Associate, Privacy

Hi, we're Oscar. We're hiring an Associate, Privacy to join our Corporate Compliance team.

Oscar is the first health insurance company built around a full stack technology platform and a focus on serving our members. We started Oscar in 2012 to create the kind of health insurance company we would want for ourselves—one that behaves like a doctor in the family.

The Privacy Associate is a Senior Privacy incident responder and investigator involving Protected Health Information (PHI) and PII. You will be an advisor on complex Privacy risks, trends, and root-cause issues to ensure Oscar to improve management of healthcare data for Oscar Members in all markets. You will be responsible for daily management of Oscar's records management program under the direction of Privacy leadership.

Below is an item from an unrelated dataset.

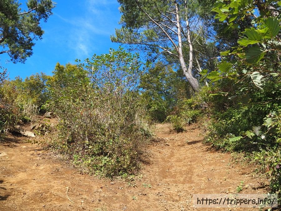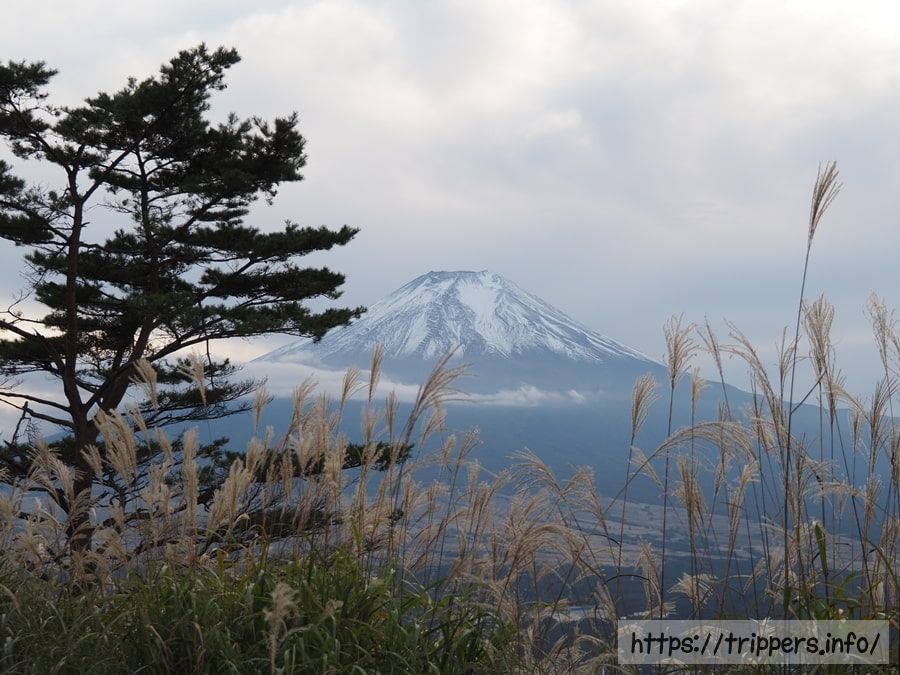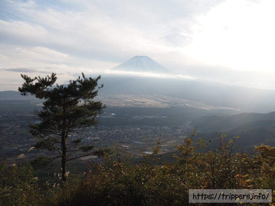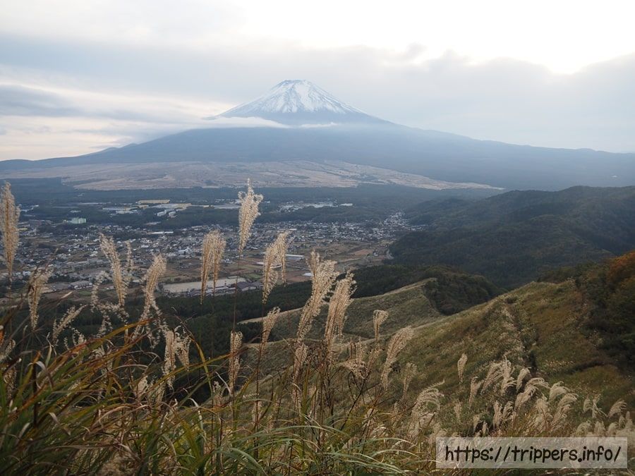 登山道は少し歩けば空を覆い隠す樹木はなくなり、富士山の裾野まで見えるようになります。ススキが覆う道はとても歩きやすく、幾つかの分岐点がありますが、どの道を進んでも山頂へたどり着けます。

You will report to the VP, Chief Privacy Officer & Associate GC.

Work Location:

Oscar is a blended work culture where everyone, regardless of work type or location, feels connected to their teammates, our culture and our mission.

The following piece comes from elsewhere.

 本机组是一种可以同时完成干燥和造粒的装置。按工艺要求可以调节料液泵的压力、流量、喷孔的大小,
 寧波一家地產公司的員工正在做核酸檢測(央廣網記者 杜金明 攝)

If you live within commutable distance to our New York City office (in Hudson Square), our Tempe office (off the 101 at University Dr), or our Los Angeles office (in Marina Del Rey), you will be expected to come into the office at least two days each week. Otherwise, this is a remote / work-from-home role.

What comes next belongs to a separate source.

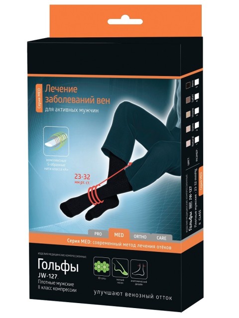 Гольфы компрессионные мужские B.Well rehab JW-127, II класс компрессии 22-32 мм рт. ст. предназначены для улучшения венозного оттока при заболевании вен у мужчин.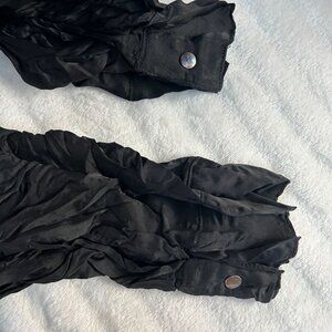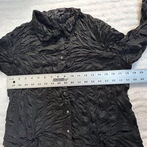 Babette Womens Black Textured Crinkle Button-Up Shirt Small Long Sleeve Casual

You must reside in one of the following states: Alabama, Arizona, Arkansas, California, Colorado, Connecticut, Florida, Georgia, Illinois, Indiana, Iowa, Kansas, Kentucky, Maine, Maryland, Massachusetts, Michigan, Minnesota, Missouri, Nevada, New Hampshire, New Jersey, New Mexico, New York, North Carolina, Ohio, Oregon, Pennsylvania, Rhode Island, South Carolina, Tennessee, Texas, Utah, Vermont, Virginia, Washington, or Washington, D.C. Note, this list of states is subject to change. #LI-Remote

Pay Transparency:

The base pay for this role in the states of California, Connecticut, New Jersey, New York, and Washington is: $103,200 - $135,450 per year. The base pay for this role in all other locations is: $92,880 - $121,905 per year. You are also eligible for employee benefits, participation in Oscar's unlimited vacation program and annual performance bonuses.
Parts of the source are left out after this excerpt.